Click here to enlarge imageThe first step in destabilization of the anaerobic process begins with an increase of the VFA concentration in the bio-digester. Due to a high organic loading, failure of the heating or inhibition of the methanogenic – or methane-producing – bacteria (lack of nutrients or the presence of toxic compounds), VFA are more rapidly formed than degraded. While the concentration of VFA is increasing, the bicarbonate concentration will decrease and the CO2 concentration in the biogas will increase. If the biogas is used for energy recovery, an unstable gas production will result in a less efficient energy production.

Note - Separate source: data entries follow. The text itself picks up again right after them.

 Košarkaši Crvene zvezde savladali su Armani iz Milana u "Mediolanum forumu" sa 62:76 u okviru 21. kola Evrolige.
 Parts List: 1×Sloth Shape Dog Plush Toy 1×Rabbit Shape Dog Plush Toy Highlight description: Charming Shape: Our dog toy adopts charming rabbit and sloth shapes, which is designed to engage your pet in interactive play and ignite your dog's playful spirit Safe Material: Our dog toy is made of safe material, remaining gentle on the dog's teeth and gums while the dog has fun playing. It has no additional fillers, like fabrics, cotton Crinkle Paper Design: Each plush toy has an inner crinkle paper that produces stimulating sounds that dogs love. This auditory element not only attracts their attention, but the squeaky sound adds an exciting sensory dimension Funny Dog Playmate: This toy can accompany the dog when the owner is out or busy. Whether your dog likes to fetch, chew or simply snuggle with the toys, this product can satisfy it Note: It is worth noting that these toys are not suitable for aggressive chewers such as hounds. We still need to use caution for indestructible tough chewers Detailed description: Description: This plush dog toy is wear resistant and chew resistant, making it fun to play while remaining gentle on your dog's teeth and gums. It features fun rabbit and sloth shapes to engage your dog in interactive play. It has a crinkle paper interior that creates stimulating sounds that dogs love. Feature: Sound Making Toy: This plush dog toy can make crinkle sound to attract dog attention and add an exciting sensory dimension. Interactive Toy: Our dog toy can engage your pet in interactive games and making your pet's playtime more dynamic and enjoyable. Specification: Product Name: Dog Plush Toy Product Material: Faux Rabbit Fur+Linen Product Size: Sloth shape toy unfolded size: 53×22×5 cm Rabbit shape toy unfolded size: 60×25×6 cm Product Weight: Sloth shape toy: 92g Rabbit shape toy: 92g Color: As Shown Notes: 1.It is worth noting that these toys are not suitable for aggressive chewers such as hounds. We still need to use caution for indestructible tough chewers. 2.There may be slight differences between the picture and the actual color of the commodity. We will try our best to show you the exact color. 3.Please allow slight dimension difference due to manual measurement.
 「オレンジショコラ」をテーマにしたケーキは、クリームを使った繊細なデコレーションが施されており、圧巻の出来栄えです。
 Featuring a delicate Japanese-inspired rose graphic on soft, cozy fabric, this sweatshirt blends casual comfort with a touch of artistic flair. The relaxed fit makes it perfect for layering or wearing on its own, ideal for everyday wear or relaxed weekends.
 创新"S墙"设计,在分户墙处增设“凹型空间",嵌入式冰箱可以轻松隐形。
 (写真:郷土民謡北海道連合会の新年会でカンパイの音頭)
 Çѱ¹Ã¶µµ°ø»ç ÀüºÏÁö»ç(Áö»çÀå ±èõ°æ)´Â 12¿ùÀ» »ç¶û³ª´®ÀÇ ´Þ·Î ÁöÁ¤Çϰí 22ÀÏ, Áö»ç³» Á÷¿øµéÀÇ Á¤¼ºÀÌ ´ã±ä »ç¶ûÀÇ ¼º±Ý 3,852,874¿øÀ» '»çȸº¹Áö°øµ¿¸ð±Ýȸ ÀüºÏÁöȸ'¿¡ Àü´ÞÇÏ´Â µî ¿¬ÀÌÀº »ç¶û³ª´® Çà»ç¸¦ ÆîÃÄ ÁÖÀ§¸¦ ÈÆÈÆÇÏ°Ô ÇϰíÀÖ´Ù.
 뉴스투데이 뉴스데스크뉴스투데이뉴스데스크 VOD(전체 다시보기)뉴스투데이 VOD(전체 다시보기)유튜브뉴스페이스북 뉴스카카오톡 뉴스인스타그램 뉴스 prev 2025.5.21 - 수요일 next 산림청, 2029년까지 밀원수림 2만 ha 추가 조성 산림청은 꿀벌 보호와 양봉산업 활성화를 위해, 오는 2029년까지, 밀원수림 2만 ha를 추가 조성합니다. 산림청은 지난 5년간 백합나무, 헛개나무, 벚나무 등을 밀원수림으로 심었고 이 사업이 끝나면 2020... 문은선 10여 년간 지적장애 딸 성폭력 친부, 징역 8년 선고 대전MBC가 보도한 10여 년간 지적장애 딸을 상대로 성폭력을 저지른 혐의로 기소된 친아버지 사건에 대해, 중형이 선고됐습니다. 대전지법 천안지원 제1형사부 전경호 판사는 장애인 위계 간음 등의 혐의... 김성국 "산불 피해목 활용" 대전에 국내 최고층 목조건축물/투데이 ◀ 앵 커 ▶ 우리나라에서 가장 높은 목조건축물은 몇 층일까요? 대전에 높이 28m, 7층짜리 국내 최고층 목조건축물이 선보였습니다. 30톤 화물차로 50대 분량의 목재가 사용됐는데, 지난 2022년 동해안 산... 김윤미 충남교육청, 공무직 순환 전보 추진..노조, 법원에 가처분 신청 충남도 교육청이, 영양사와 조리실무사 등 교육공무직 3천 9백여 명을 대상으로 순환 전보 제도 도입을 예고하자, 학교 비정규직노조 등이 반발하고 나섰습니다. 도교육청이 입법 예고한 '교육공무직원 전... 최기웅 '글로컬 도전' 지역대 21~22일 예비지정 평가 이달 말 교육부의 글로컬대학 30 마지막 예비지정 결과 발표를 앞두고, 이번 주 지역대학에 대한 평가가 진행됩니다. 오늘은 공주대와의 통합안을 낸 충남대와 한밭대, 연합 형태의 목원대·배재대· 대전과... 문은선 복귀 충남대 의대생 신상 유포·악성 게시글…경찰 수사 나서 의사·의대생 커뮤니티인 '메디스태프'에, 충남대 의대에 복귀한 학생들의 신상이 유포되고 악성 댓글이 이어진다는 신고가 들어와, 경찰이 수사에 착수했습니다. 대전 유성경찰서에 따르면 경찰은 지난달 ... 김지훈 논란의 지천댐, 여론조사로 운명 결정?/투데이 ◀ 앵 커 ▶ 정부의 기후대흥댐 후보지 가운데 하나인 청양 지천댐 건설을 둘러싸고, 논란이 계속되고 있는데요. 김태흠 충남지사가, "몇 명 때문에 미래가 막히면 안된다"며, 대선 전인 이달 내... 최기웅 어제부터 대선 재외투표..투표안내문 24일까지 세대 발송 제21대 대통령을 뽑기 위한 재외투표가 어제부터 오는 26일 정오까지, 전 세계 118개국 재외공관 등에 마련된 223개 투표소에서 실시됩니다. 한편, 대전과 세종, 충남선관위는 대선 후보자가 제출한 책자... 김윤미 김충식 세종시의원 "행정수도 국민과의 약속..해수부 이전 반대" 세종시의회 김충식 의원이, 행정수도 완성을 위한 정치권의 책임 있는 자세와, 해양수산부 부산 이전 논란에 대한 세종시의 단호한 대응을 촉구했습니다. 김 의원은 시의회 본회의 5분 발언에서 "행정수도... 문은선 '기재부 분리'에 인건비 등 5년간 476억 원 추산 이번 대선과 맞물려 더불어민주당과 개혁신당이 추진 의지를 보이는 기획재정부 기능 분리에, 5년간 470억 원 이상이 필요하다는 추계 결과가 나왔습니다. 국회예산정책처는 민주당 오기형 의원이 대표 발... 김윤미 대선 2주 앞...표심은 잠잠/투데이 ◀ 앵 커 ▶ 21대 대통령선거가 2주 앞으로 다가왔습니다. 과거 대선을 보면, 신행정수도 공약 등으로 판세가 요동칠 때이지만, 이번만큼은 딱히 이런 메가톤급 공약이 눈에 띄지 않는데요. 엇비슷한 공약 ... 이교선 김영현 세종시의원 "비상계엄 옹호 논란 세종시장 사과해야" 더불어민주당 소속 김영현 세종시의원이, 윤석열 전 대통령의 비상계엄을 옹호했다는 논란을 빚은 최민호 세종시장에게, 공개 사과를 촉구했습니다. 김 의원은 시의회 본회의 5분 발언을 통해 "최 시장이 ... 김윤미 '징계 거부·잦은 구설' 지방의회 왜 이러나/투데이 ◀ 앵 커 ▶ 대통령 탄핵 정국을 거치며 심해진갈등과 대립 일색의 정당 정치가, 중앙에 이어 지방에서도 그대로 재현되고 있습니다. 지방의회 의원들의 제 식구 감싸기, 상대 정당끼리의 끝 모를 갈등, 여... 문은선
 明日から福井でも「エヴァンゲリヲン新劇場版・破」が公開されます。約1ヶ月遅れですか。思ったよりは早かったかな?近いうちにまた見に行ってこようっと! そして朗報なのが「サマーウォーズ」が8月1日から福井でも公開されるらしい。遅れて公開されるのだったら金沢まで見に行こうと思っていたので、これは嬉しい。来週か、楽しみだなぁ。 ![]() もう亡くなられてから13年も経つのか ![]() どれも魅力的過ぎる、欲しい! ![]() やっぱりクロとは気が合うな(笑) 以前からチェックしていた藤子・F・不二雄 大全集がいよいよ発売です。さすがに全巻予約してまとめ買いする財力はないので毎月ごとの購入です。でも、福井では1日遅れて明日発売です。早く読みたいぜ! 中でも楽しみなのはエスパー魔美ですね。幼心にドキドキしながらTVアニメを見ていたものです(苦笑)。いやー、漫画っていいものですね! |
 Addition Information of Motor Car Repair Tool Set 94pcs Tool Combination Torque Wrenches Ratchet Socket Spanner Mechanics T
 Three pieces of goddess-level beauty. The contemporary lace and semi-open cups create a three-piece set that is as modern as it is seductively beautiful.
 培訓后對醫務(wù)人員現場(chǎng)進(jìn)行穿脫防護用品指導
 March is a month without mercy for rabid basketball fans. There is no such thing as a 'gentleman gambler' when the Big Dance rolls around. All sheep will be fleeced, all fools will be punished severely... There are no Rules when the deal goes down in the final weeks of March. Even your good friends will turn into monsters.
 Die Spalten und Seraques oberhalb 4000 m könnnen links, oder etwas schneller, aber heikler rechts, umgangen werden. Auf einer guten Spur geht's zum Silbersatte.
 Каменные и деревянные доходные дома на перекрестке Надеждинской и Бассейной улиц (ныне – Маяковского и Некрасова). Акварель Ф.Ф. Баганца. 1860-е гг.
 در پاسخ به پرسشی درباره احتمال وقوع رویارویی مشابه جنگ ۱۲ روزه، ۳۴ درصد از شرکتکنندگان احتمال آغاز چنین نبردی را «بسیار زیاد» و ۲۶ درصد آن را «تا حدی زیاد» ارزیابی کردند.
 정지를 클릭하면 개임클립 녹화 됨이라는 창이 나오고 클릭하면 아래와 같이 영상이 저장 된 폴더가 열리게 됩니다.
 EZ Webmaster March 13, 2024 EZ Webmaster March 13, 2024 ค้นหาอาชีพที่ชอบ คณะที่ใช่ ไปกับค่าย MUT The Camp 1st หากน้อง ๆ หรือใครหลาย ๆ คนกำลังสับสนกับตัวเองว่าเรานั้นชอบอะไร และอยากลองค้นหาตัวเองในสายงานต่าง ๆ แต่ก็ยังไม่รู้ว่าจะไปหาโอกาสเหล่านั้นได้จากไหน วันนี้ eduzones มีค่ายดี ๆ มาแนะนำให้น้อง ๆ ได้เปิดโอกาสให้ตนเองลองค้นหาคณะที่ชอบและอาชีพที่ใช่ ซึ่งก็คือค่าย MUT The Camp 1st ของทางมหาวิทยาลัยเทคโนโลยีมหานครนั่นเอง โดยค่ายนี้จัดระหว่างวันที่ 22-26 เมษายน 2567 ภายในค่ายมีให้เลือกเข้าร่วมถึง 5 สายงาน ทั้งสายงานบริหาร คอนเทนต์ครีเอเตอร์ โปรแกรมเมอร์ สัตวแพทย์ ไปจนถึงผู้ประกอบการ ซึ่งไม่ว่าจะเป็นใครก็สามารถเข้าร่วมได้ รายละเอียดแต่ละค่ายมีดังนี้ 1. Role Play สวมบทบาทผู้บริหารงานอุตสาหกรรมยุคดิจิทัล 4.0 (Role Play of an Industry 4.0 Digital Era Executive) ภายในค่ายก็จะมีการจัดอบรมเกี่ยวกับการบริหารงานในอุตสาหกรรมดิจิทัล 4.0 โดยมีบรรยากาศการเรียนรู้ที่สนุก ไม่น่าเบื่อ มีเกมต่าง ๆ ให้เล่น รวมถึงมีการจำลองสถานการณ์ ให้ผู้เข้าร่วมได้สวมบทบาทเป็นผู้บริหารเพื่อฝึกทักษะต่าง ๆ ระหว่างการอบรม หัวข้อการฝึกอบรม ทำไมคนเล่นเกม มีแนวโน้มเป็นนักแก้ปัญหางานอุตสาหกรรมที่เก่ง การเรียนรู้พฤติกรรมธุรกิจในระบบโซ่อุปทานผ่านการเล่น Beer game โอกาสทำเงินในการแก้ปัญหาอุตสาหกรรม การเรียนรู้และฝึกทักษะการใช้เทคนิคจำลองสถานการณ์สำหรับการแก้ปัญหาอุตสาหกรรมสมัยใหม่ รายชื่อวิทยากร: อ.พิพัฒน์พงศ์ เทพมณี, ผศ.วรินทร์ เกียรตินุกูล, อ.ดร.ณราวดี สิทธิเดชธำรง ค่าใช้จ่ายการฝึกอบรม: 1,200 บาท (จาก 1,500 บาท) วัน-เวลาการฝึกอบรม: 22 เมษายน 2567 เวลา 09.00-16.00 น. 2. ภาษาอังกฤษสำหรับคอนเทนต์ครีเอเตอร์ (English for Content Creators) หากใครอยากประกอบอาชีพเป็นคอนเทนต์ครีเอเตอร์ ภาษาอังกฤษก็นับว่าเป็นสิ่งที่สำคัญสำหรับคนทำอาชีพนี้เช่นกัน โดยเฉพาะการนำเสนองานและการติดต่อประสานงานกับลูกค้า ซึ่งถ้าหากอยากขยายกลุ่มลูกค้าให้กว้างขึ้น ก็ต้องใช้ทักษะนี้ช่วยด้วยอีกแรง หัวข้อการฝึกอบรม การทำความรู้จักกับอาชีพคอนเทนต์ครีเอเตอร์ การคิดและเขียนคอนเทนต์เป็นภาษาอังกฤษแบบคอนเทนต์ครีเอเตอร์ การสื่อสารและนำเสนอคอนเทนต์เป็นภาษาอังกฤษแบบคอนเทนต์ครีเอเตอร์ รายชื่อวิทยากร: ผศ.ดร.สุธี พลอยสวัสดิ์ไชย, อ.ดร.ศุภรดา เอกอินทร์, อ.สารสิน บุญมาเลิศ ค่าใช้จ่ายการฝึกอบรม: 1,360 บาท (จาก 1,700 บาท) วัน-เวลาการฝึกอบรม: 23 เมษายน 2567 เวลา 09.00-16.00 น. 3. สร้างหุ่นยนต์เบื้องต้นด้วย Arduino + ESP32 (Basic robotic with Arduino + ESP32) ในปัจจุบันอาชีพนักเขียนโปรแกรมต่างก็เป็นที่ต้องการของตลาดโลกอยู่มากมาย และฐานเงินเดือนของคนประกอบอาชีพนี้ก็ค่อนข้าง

As long as bicarbonate in the water buffers and protects the Bio-digester, organic molecules will be degraded. If no action is taken, however, the VFA concentration will continue to increase and, when all the bicarbonate is consumed, the pH of the bio-digester will drop very fast. Such a drop in the pH will cause a destruction of the bacterial ecosystem and, finally, the methanogenic bacteria are killed. Recovery of the bio-digester can take several months.
Thus, it's clear that a stable process is very important. To avoid instability of the anaerobic process, a bio-digester should be controlled via measurements of VFA, which is one of the most sensitive parameters, in combination with measurements of bicarbonate, alkalinity and pH.
In industry, though, few laboratories are equipped for VFA measurements because the standard techniques like gas chromatography (GC) require specialized equipment, high investment, significant operating costs and highly trained personnel. Because of the complex sample preparation, GC analysis is time consuming. If the process needs to be monitored very frequently (every 15 minutes), in case the bio-digester is being restarted after a period of non-activity, it's almost impossible to do so with GC.